The downsizing of the airline industry has turned up in Aspen, where US Airways is canceling a decade-old direct flight to Phoenix and United Airlines has trimmed one of its three direct daily flights to Chicago.
The Aspen-to-Phoenix flight was running at a 61 percent load factor last winter when the average load here is closer to 75 percent, according to Stay Aspen Snowmass President Bill Tomcich, an airline industry expert.
“The loss of Phoenix really doesn’t surprise me at all. That was the weakest performer of all nonstop commercial flights last winter,” Tomcich said. “With oil around $140 a barrel, 61 percent load factors don’t pay the bills anymore.”
America West started the direct service between Aspen and Phoenix in the winter of 1997-1998 and US Airways absorbed it when the two airlines merged a couple of years ago. The flight was served by a Dash-8 prop plane.
“That’s a very small loss in the overall scheme of things. In fact, it was only 2 1/2 percent of our total number of seats annually. It’s barely a drop in the bucket,” said Tomcich, adding that it was primarily used by second-home owners with Arizona ties.
“There was very little connecting traffic,” he said.
The airline will also be nixing all of its seasonal service out of Eagle County Airport this winter, meaning direct flights to Philadelphia on Saturdays and Charlotte, N.C., on Saturdays and Sundays are no longer an option.
United Airlines will continue to offer direct service between Aspen and Chicago, which it introduced in December 2006, but the airline is scaling back, nixing one of its three daily flights — a flight it only added last year.
Further reductions are “inevitable,” according to Tomcich.
As airlines shrink the flight frequencies and services from their main hubs, they also have to reduce the number of services to smaller airports that rely on the hub traffic.
“I’ve been told by senior [United] officials, that as far as frequencies go, Denver, Los Angeles and San Francisco are all being evaluated,” he said, adding that more reductions could come within the next month or two. “Decisions are yet to be made but we’re keeping very close tabs on what’s going on.”
Earlier this summer, Delta Air Lines quietly pulled its off-season schedule out of Aspen but it plans to return here in the winter with more flights than ever before. United also yanked its service to Florida’s Ft.
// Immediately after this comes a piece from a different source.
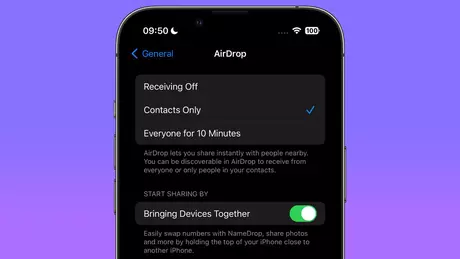 Również w iOS 17 Beta 4 dodano sekcję Rozpocznij udostępnianie przez do menu AirDrop, które zawiera przełącznik Bringing Devices Together. Umożliwia on ręczne włączanie i wyłączanie funkcji NameDrop.

Lauderdale and West Palm Beach, which are two important feeder markets for Aspen residents and its tourist-based economy.
Despite the news, Tomcich remains upbeat about Aspen’s winter flight schedule.
“If everything holds together — Frontier Airlines weathers their bankruptcy filing and United’s reductions don’t hit us too hard — we should still have more seats this winter than we had last winter or the year prior. We’ll be continuing sustained growth but not nearly as substantially as the growth we experienced with Frontier’s arrival.”
Much of the optimism stems from the fact that flights to Aspen generally make money for the airlines; the Los Angeles flight, for example, is “incredibly lucrative,” he said.
Moreover, Frontier’s entrance into the Aspen market has dramatically increased the number of options for local fliers and it has also made ticket pricing more competitive.
United’s summer schedule currently has 13 daily flights to Aspen. Last year United flew a total of 14 daily flights in the winter. But next winter is likely to be a different story.